WORKING DATA:

↓↓↓

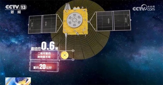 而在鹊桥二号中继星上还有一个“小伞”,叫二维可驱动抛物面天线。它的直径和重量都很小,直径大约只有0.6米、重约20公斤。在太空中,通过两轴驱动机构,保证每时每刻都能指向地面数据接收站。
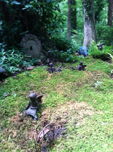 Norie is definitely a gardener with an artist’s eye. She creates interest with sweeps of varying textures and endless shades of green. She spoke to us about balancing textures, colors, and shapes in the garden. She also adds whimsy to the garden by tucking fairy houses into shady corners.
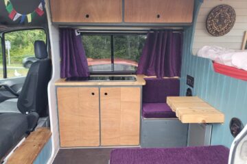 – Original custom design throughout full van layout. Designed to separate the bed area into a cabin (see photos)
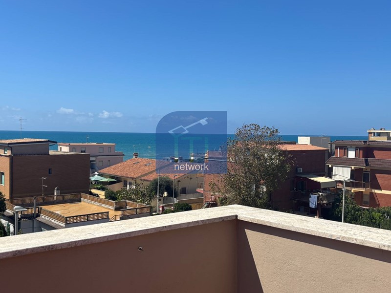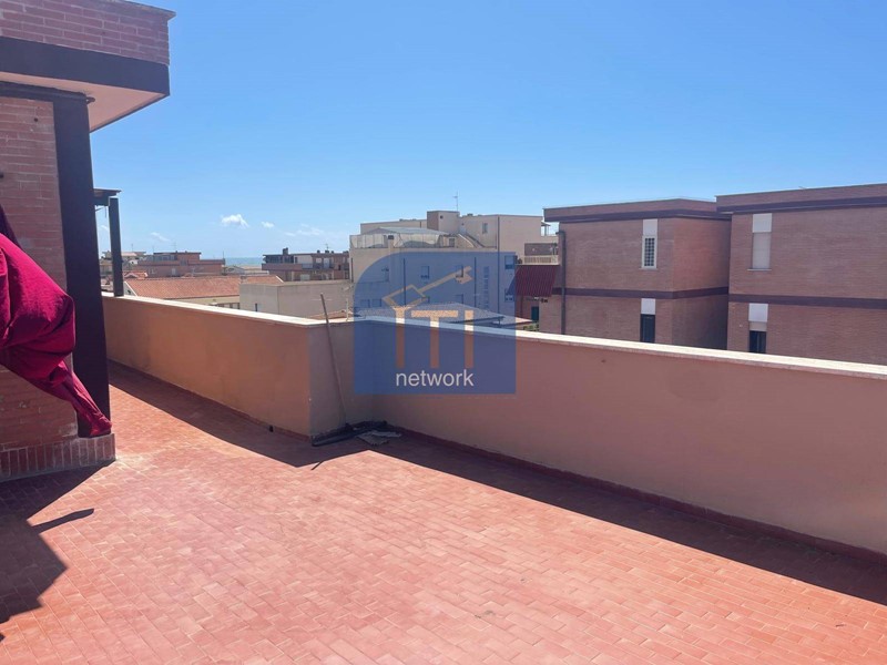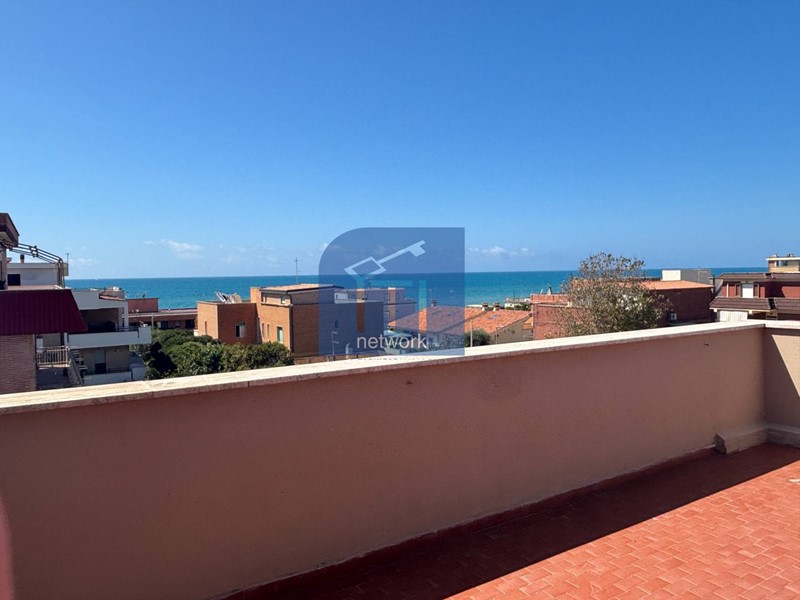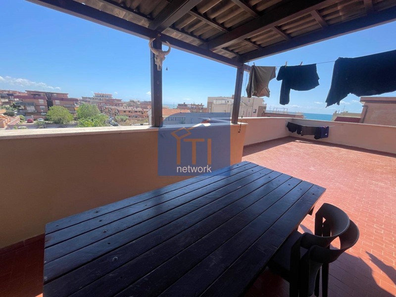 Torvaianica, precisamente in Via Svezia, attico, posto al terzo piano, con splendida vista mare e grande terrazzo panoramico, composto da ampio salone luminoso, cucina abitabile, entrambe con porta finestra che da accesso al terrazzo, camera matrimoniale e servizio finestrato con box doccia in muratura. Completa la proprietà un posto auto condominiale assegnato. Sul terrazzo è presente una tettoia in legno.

↑↑↑
↓↓↓

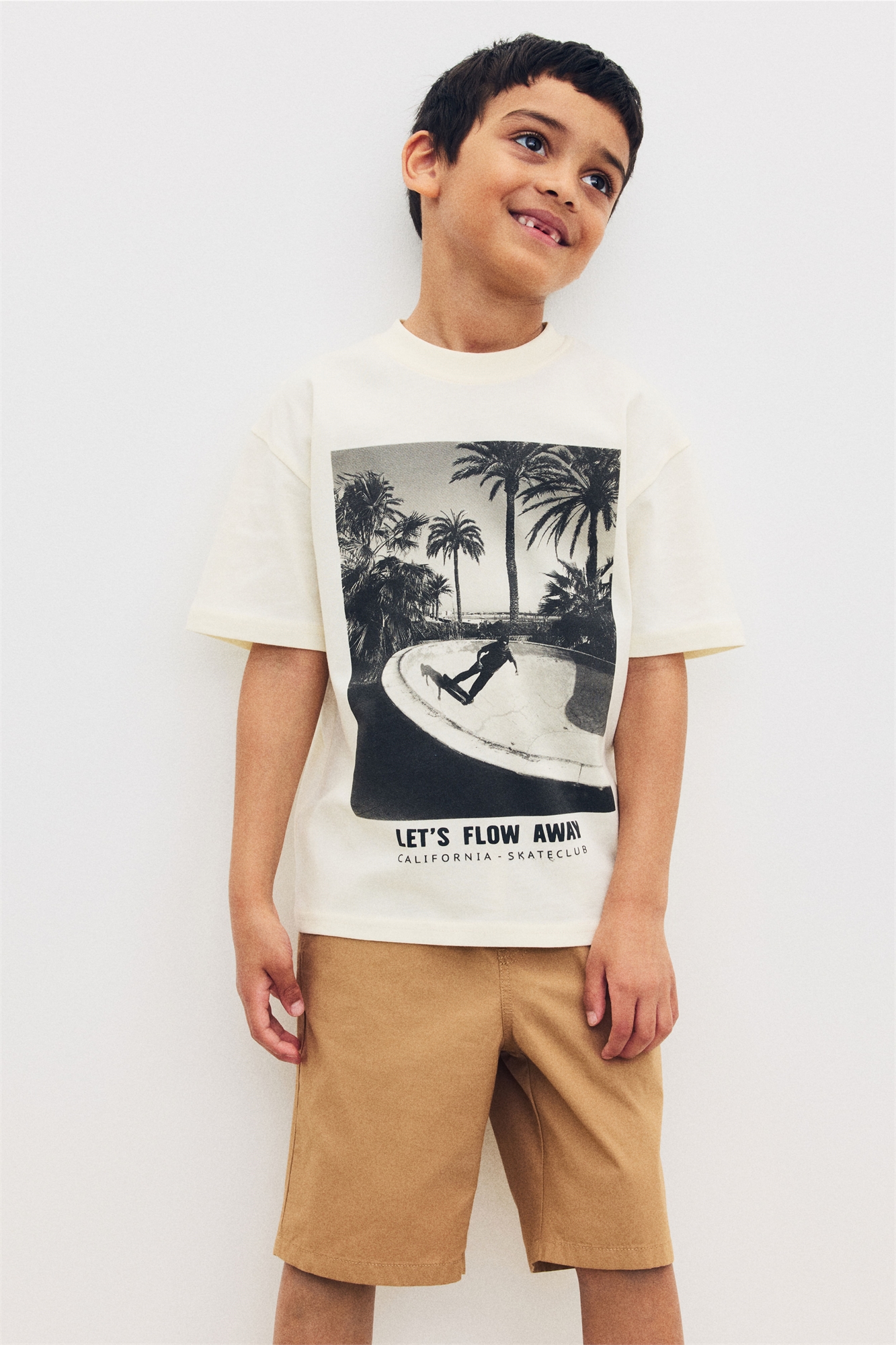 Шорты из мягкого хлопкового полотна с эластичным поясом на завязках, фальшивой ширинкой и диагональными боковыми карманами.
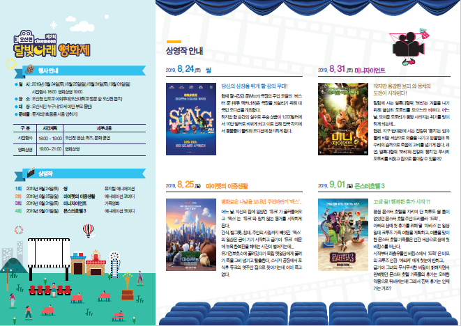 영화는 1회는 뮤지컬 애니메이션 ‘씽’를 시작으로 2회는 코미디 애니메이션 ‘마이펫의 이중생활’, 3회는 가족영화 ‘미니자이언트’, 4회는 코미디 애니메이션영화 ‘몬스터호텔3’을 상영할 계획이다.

↑↑↑
↓↓↓

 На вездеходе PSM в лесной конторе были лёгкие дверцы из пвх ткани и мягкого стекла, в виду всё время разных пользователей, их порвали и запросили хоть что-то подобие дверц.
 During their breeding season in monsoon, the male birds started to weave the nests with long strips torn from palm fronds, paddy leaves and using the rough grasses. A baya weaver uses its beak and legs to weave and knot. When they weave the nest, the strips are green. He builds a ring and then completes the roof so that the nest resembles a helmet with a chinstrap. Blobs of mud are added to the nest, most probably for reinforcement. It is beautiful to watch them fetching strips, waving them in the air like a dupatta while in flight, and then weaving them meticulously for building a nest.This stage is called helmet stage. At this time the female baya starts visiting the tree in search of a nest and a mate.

↑↑↑

In the entries above, find the line containing "而在鹊桥二号中继星上还有一个" and the line containing "Torvaianica, precisamente in"; give again exactly those two lines and every line between them, minus the pictures.

WRITTEN ANSWER:
 而在鹊桥二号中继星上还有一个“小伞”,叫二维可驱动抛物面天线。它的直径和重量都很小,直径大约只有0.6米、重约20公斤。在太空中,通过两轴驱动机构,保证每时每刻都能指向地面数据接收站。
 Norie is definitely a gardener with an artist’s eye. She creates interest with sweeps of varying textures and endless shades of green. She spoke to us about balancing textures, colors, and shapes in the garden. She also adds whimsy to the garden by tucking fairy houses into shady corners.
 – Original custom design throughout full van layout. Designed to separate the bed area into a cabin (see photos)
 Torvaianica, precisamente in Via Svezia, attico, posto al terzo piano, con splendida vista mare e grande terrazzo panoramico, composto da ampio salone luminoso, cucina abitabile, entrambe con porta finestra che da accesso al terrazzo, camera matrimoniale e servizio finestrato con box doccia in muratura. Completa la proprietà un posto auto condominiale assegnato. Sul terrazzo è presente una tettoia in legno.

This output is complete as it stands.